- Task:
What are the lines, word for word, from the line with "Toàn bộ số ma" up to and including the line with "Готовые домашние задания" in the records below? Omit the pictures.

- Exercise inputs:
----------
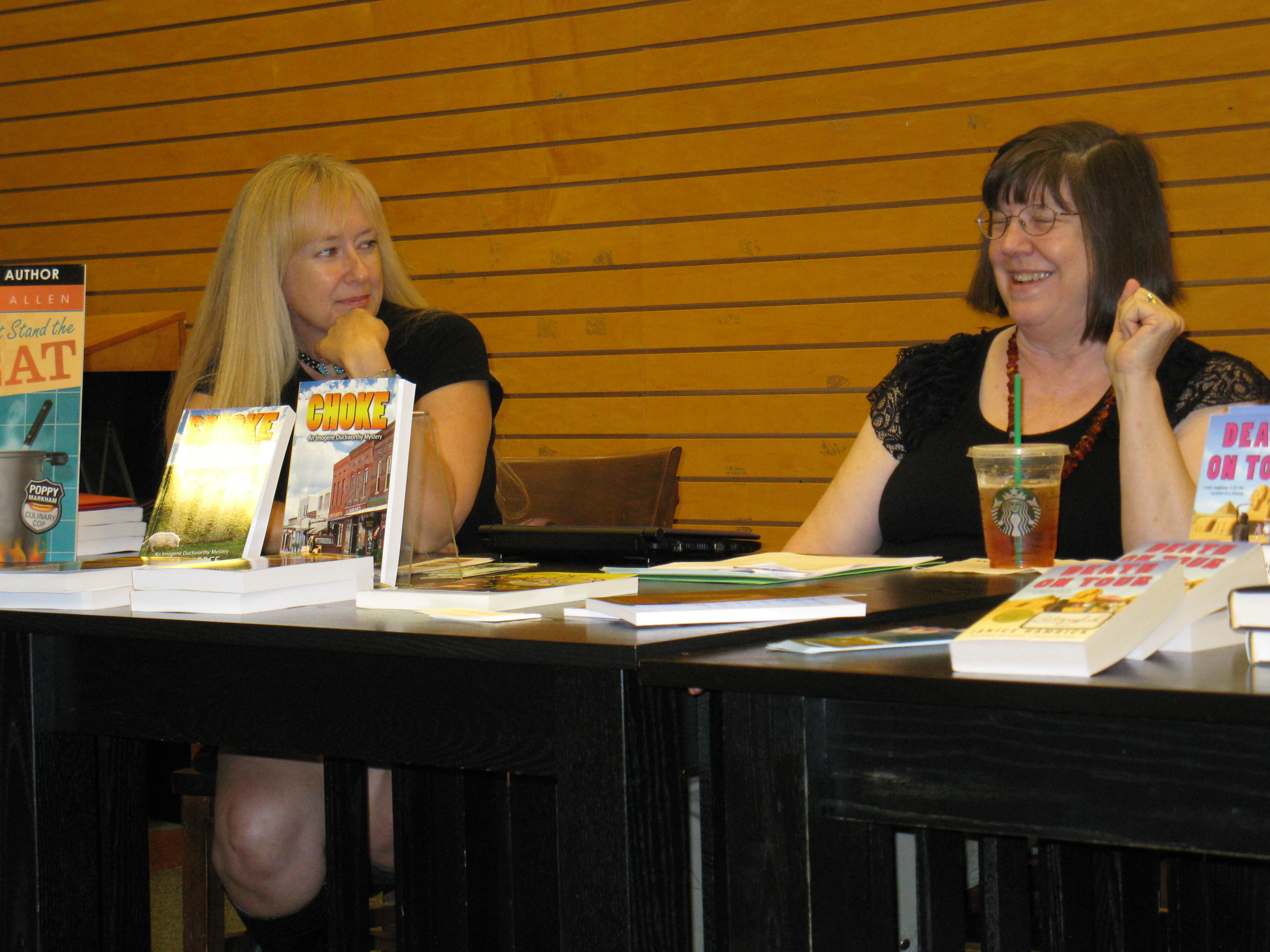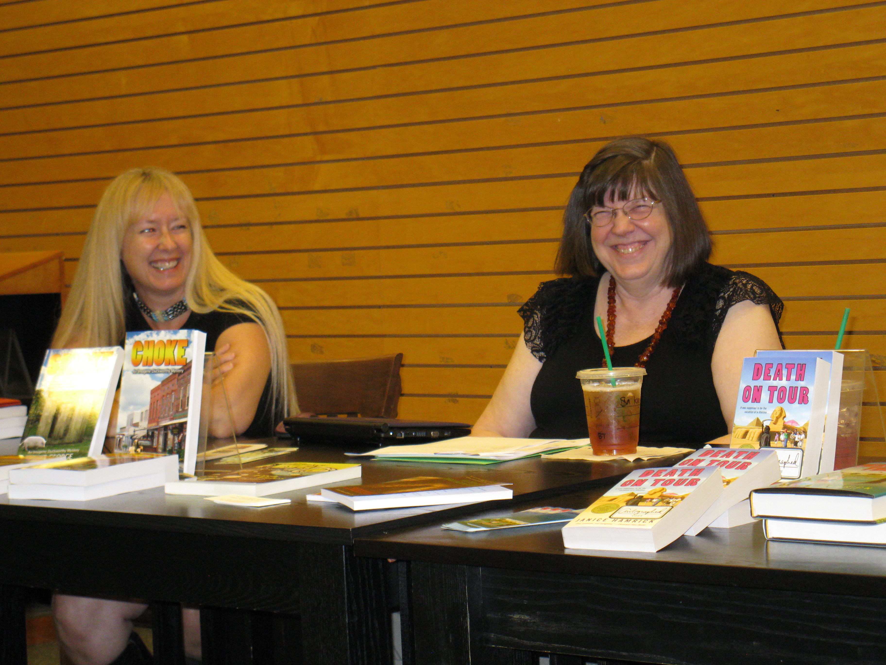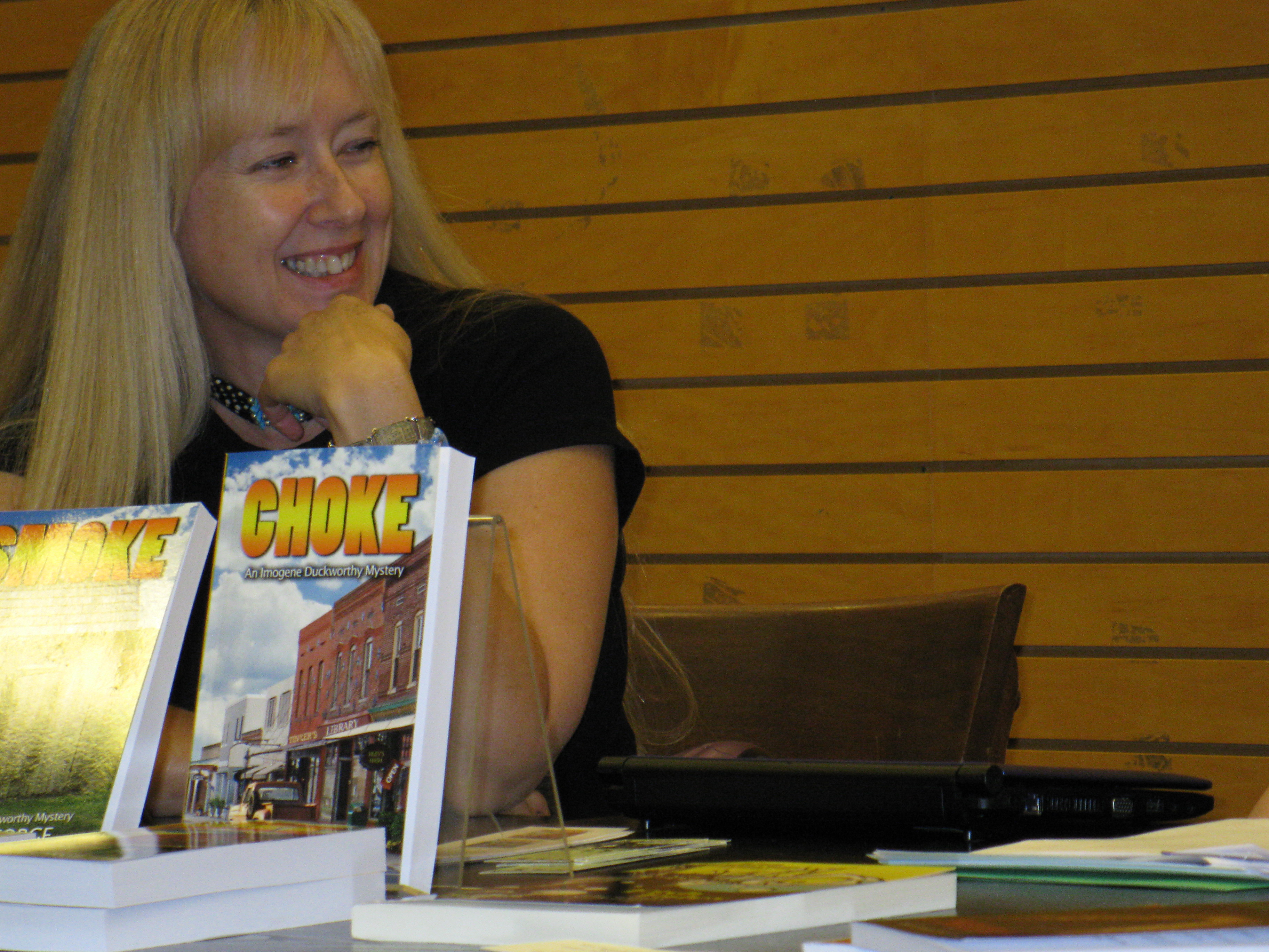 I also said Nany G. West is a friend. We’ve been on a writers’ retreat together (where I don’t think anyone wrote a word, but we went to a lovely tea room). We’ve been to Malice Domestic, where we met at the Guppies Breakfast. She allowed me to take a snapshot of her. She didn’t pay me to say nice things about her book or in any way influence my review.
----------
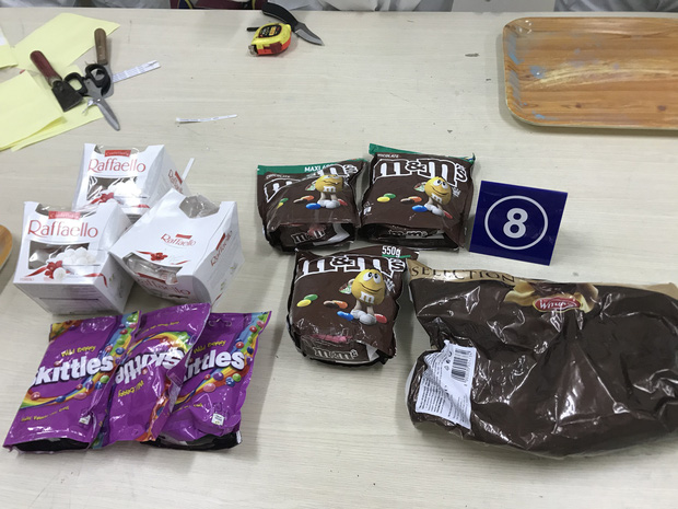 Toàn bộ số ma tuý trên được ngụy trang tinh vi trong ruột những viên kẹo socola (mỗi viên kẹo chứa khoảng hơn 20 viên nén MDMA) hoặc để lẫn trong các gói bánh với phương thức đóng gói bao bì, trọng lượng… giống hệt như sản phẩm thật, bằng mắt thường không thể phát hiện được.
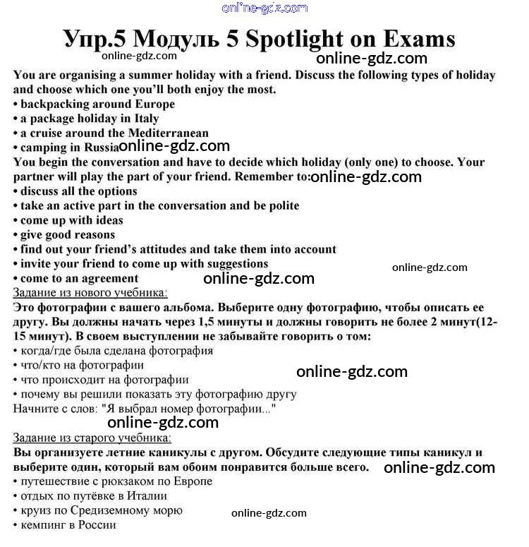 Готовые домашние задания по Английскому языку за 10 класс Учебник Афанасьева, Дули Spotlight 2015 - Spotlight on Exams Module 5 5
----------
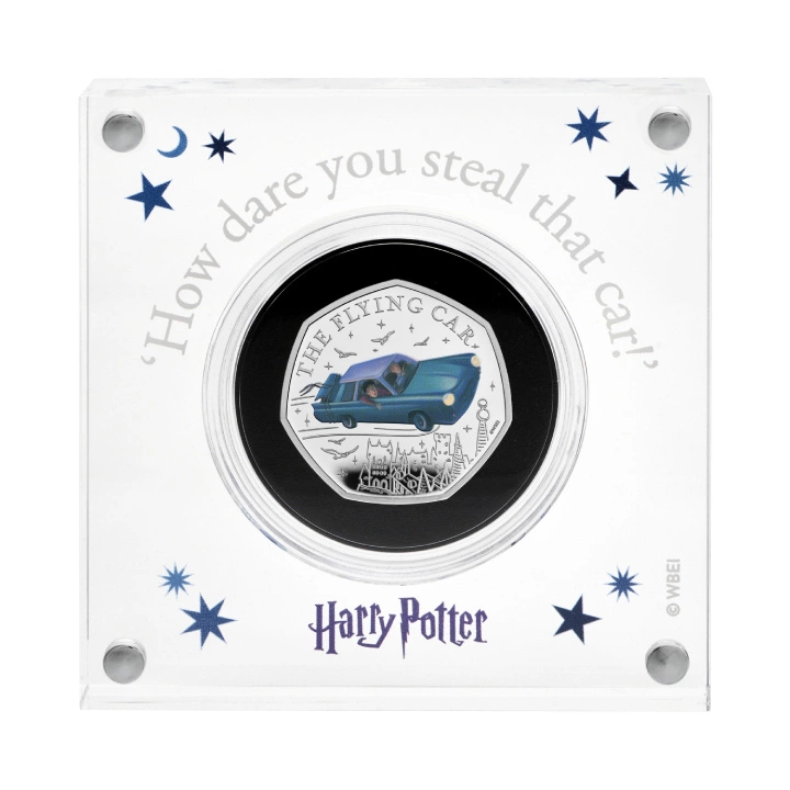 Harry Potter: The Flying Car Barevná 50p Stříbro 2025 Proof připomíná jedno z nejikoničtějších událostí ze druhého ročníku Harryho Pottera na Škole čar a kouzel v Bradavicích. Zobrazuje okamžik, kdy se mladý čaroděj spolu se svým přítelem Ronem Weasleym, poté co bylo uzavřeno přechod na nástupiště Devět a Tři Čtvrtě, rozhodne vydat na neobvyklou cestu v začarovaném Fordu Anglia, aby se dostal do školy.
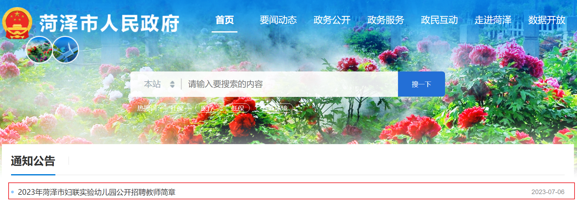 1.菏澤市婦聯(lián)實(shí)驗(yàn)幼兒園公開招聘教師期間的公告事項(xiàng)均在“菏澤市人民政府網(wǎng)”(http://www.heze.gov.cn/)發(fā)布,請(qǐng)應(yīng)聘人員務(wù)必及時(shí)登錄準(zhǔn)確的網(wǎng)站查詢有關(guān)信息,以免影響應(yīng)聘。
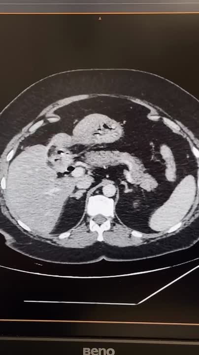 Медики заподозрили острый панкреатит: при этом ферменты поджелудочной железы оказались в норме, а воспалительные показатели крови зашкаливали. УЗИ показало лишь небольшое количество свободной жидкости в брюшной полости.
----------
- Output of the task:
 Toàn bộ số ma tuý trên được ngụy trang tinh vi trong ruột những viên kẹo socola (mỗi viên kẹo chứa khoảng hơn 20 viên nén MDMA) hoặc để lẫn trong các gói bánh với phương thức đóng gói bao bì, trọng lượng… giống hệt như sản phẩm thật, bằng mắt thường không thể phát hiện được.
 Готовые домашние задания по Английскому языку за 10 класс Учебник Афанасьева, Дули Spotlight 2015 - Spotlight on Exams Module 5 5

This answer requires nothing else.